WHAT NEEDS TO BE DONE =>
Using the listing below, reproduce exactly the lines from the one with "I capitelli ornano" through the last, with all pictures left out.

DATA EXCERPT =>
== Segment start ==

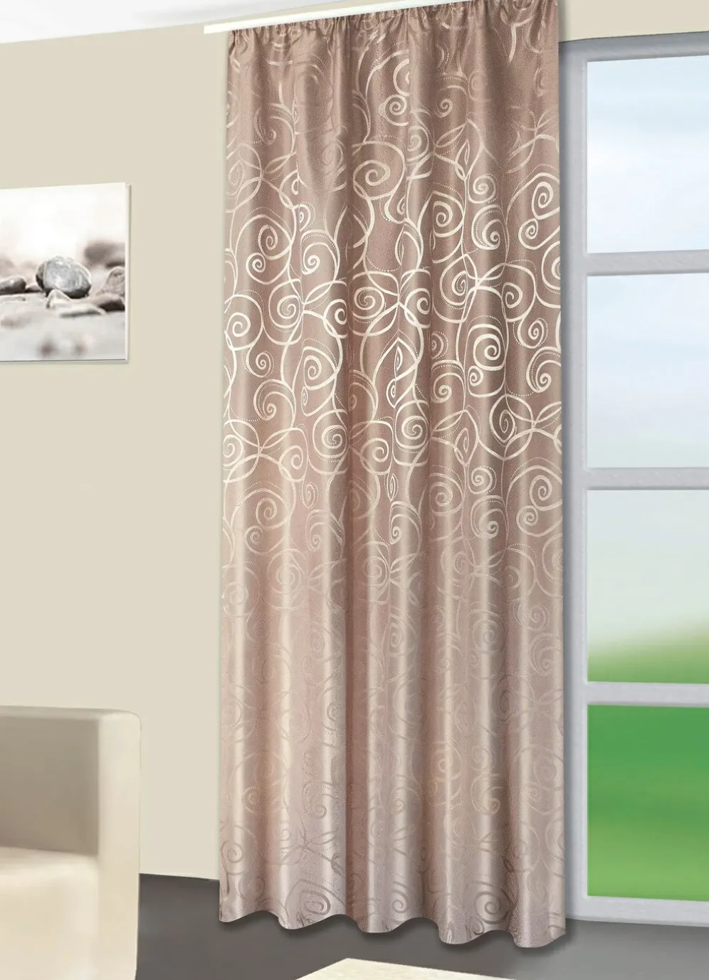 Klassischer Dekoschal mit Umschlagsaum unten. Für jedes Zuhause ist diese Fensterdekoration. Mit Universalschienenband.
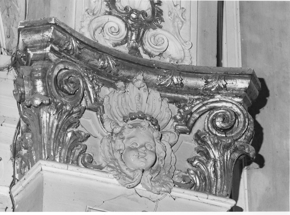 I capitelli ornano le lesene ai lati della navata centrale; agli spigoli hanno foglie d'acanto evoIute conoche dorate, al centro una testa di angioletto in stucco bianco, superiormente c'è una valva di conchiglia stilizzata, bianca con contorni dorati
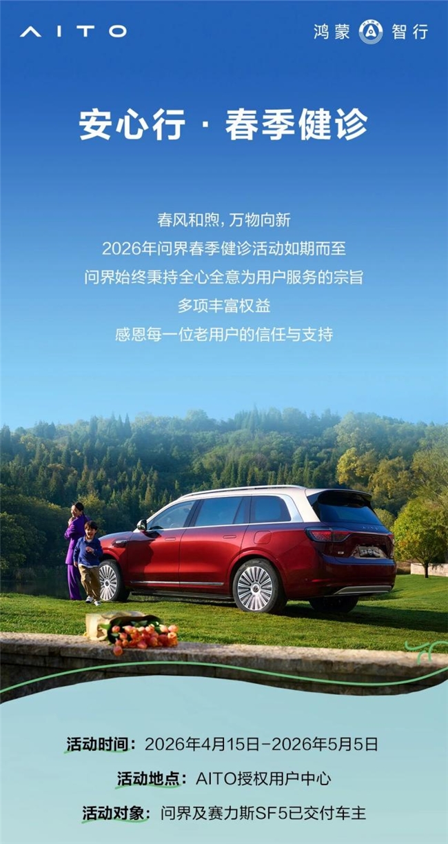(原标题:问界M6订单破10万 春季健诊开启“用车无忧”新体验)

== Segment end ==

YOUR SOLUTION =>
 I capitelli ornano le lesene ai lati della navata centrale; agli spigoli hanno foglie d'acanto evoIute conoche dorate, al centro una testa di angioletto in stucco bianco, superiormente c'è una valva di conchiglia stilizzata, bianca con contorni dorati
(原标题:问界M6订单破10万 春季健诊开启“用车无忧”新体验)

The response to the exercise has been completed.